Task instructions: Could you repeat every line below exactly, skipping the images?

Data provided:
-*-*-

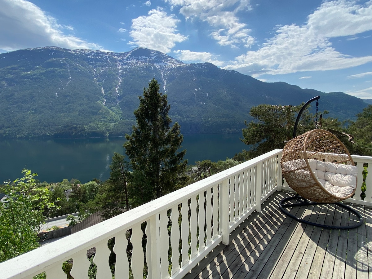 La "Chimenea" fue construida en 2004 con todas las cualidades modernas. Hay cables de calefacción en el piso, terraza privada, un gran horno trasero de leña y una zona de crecimiento justo afuera. La casa incluye un dormitorio y un loft. Justo fuera de la puerta encontrarás populares rutas de senderismo y ciclismo. A 6 minutos en coche del centro de Sogndal, a 4 minutos se encuentra el centro de Kaupanger con tienda de comestibles y el centro de ViteMeir, ¡agradable para grandes y pequeños! A 2 minutos encontrarás piscina, parque infantil y gimnasio.
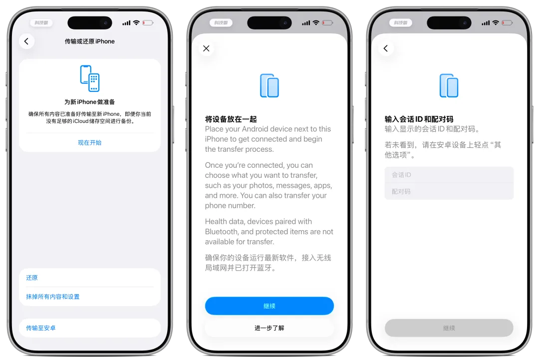 将 iPhone 与安卓设备放在一起后,通过扫描二维码或输入配对码的方式建立连接,从而将数据从 iPhone 迁移到安卓手机。当然,这一功能的前提是安卓系统本身也需要完成相应适配。
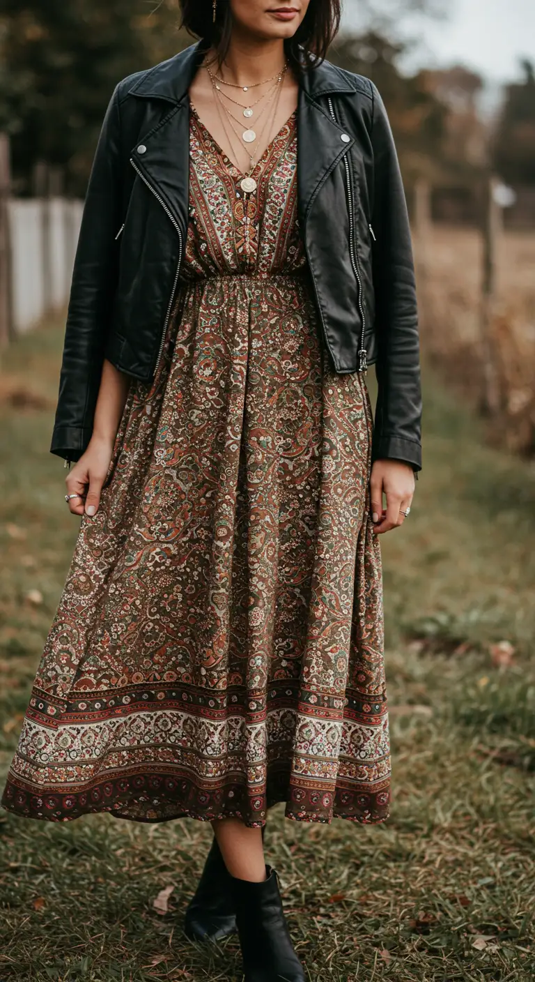 The flowy maxi dress offers a free-spirited base, while the fitted leather jacket adds structure and edge.
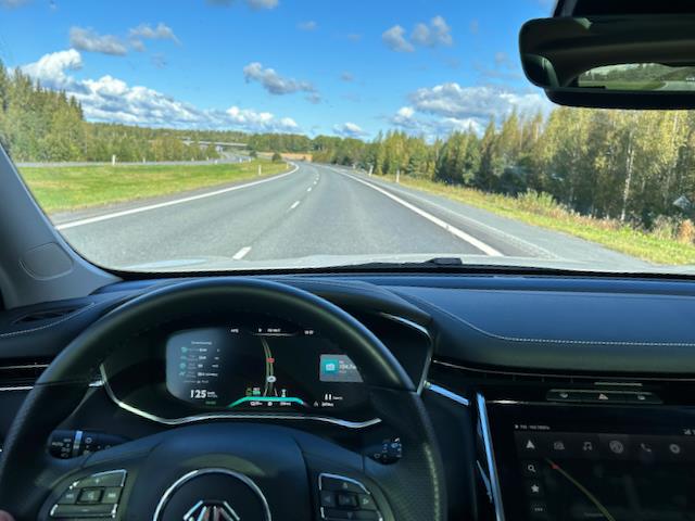 Moottoritiellä asetan vakionopeussäätimeen 123 km/h, jolloin todellinen nopeus vastaa GPS:llä tarkistettuna suurinta sallittua 120 km/h tasoa. Auton melutaso tuntuu mukavan vaimealta ja korvaan miellyttävältä. Tosin tässäkin autossa suomalainen karkea asfaltti nostaa melutasoa havaittavasti. Sanoisin melun olevan käytännössä samaa luokkaa kuin ID.4:ssäni, missä on tuplalasit edessä.

-*-*-

Output for this task:
 La "Chimenea" fue construida en 2004 con todas las cualidades modernas. Hay cables de calefacción en el piso, terraza privada, un gran horno trasero de leña y una zona de crecimiento justo afuera. La casa incluye un dormitorio y un loft. Justo fuera de la puerta encontrarás populares rutas de senderismo y ciclismo. A 6 minutos en coche del centro de Sogndal, a 4 minutos se encuentra el centro de Kaupanger con tienda de comestibles y el centro de ViteMeir, ¡agradable para grandes y pequeños! A 2 minutos encontrarás piscina, parque infantil y gimnasio.
 将 iPhone 与安卓设备放在一起后,通过扫描二维码或输入配对码的方式建立连接,从而将数据从 iPhone 迁移到安卓手机。当然,这一功能的前提是安卓系统本身也需要完成相应适配。
 The flowy maxi dress offers a free-spirited base, while the fitted leather jacket adds structure and edge.
 Moottoritiellä asetan vakionopeussäätimeen 123 km/h, jolloin todellinen nopeus vastaa GPS:llä tarkistettuna suurinta sallittua 120 km/h tasoa. Auton melutaso tuntuu mukavan vaimealta ja korvaan miellyttävältä. Tosin tässäkin autossa suomalainen karkea asfaltti nostaa melutasoa havaittavasti. Sanoisin melun olevan käytännössä samaa luokkaa kuin ID.4:ssäni, missä on tuplalasit edessä.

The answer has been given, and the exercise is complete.